**DATA TO PROCESS**.
=======
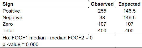 The p-value of 0.000 rejects the null hypothesis that the medians of the variables did not present statistical difference. This corroborates the mean test performed previously and confirms the prediction made by the hypothesis: the presence of dividends in working capital calculation influences the company’s free cash flow measurement.
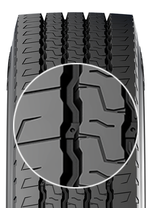 • Desenho robusto da banda de rodagem, apresentando uma escultura lamelizada (com ranhuras) um composto de borracha de alta tecnologia e largura otimizada (+10mm*), oferecendo um desgaste mais regular da banda de rodagem e um excelente rendimento quilométrico na 1ª vida (até +10%*).
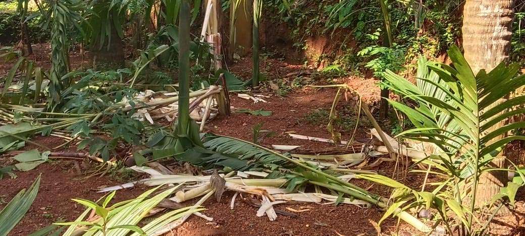 ಸುಮಾರು ಬಾಳೆಗಿಡ, ಅಡಿಕೆ ಹಾಗೂ ಕರಿಮೆಣಸಿನ ಗಿಡವನ್ನು ಹಾನಿ ಮಾಡಿದ್ದು ಅಪಾರ ನಷ್ಟವಾಗಿದೆ.
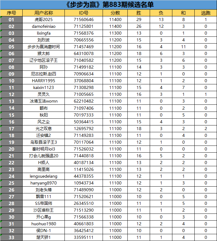 《步步为赢》第883期候选名单公布
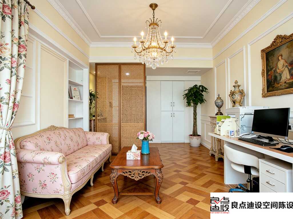 蕾丝窗帘透光又柔美,和碎花沙发的布艺材质悄悄呼应,把法式的“精致感”抠到了细节。雕花家具的实木肌理,又和布艺、水晶的柔软形成了巧妙对比。
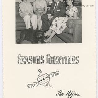Update - 2009: Black & white print. Printed as a Christmas card on scalloped-edge paper. Printed in lower half in black ink: "Season's Greetings" [ornamental & evergreen branch] "The Peppers". Image in top of a family seated on two love seats in the corner of a room. Man, woman, younger woman & young man, plus a dark dog at their feet.
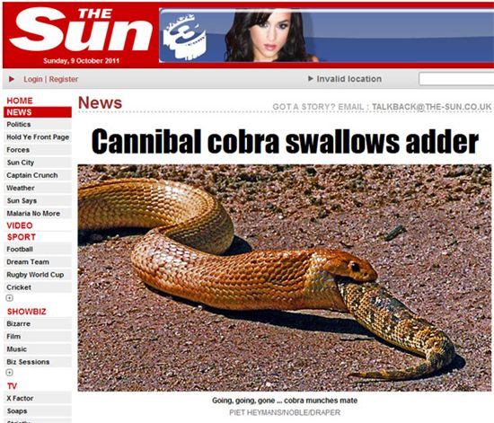 공개된 사진에는 붉은 빛을 띠는 코브라가 자기 몸체만한 독사를 한입에 삼키고 있다. 언뜻 봐도 믿기 어려운 광경.
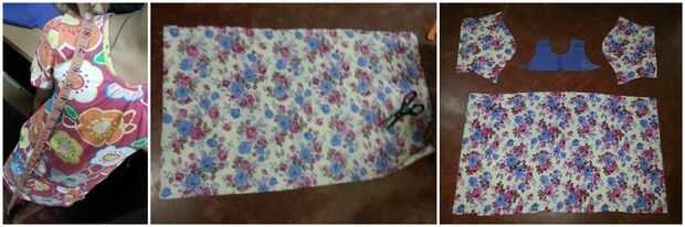 Parte superior del cuerpo: Usé a tela azul llana en la parte superior. Para cortar estas piezas que tendrás que medir el hombro, el pecho y la longitud de la parte superior. . Use tiza para marcar los contornos y cortar las piezas con cuidado. Mientras se reduce a esta parte, asegúrese de que mantener al menos 0,5 pulgadas extra (para coser).
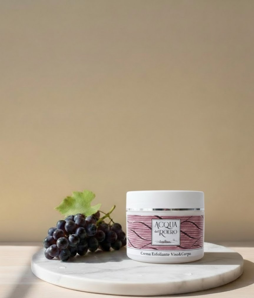 Coccola e nutri la pelle di viso e corpo con il trattamento esfoliante al vino Roero Riserva.
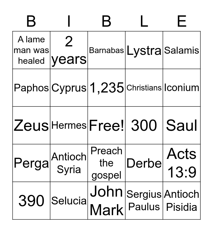 This bingo card has a free space and 24 words: Antioch Syria, Selucia, 1,235, 390, Salamis, A lame man was healed, Paphos, 2 years, 300, Preach the gospel, Christians, Zeus, Derbe, Acts 13:9, Cyprus, Sergius Paulus, Saul, Barnabas, Iconium, Hermes, Antioch Pisidia, Perga, Lystra and John Mark.
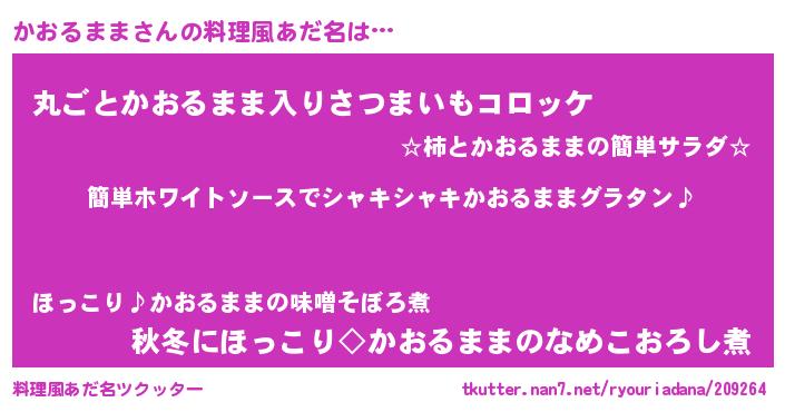 | 男性向けラノベタイトル風あだ名 | 『かおるままの嫁は女の子じゃないと思った?』 |
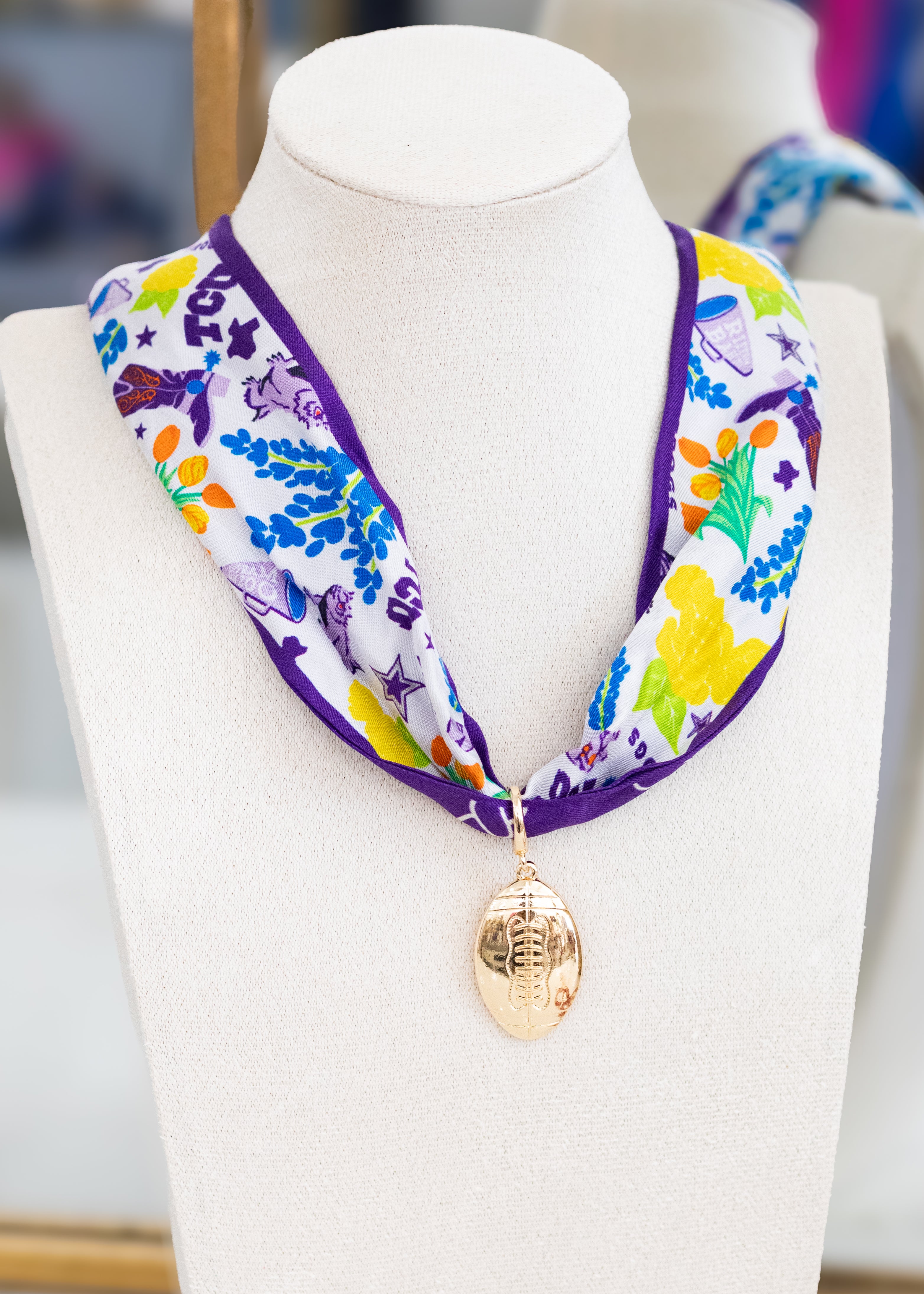 Go Frogs! ππ Our TCU Scarf with Gold Football Pendant is the ultimate game-day accessory. The silky purple-and-white design pops with school spirit, while the shiny gold charm adds a fun, elevated finish. Wear it your way β around your neck, in your hair, or tied to your clear bag β and cheer on TCU in style!
=======
**WHAT YOU HAVE TO DO**. Without any pictures, reproduce exactly the lines from the line that contains "This bingo card" to the end of the entries above, both ends included.

**OUTPUT OF THE TASK**.
 This bingo card has a free space and 24 words: Antioch Syria, Selucia, 1,235, 390, Salamis, A lame man was healed, Paphos, 2 years, 300, Preach the gospel, Christians, Zeus, Derbe, Acts 13:9, Cyprus, Sergius Paulus, Saul, Barnabas, Iconium, Hermes, Antioch Pisidia, Perga, Lystra and John Mark.
 | 男性向けラノベタイトル風あだ名 | 『かおるままの嫁は女の子じゃないと思った?』 |
 Go Frogs! ππ Our TCU Scarf with Gold Football Pendant is the ultimate game-day accessory. The silky purple-and-white design pops with school spirit, while the shiny gold charm adds a fun, elevated finish. Wear it your way β around your neck, in your hair, or tied to your clear bag β and cheer on TCU in style!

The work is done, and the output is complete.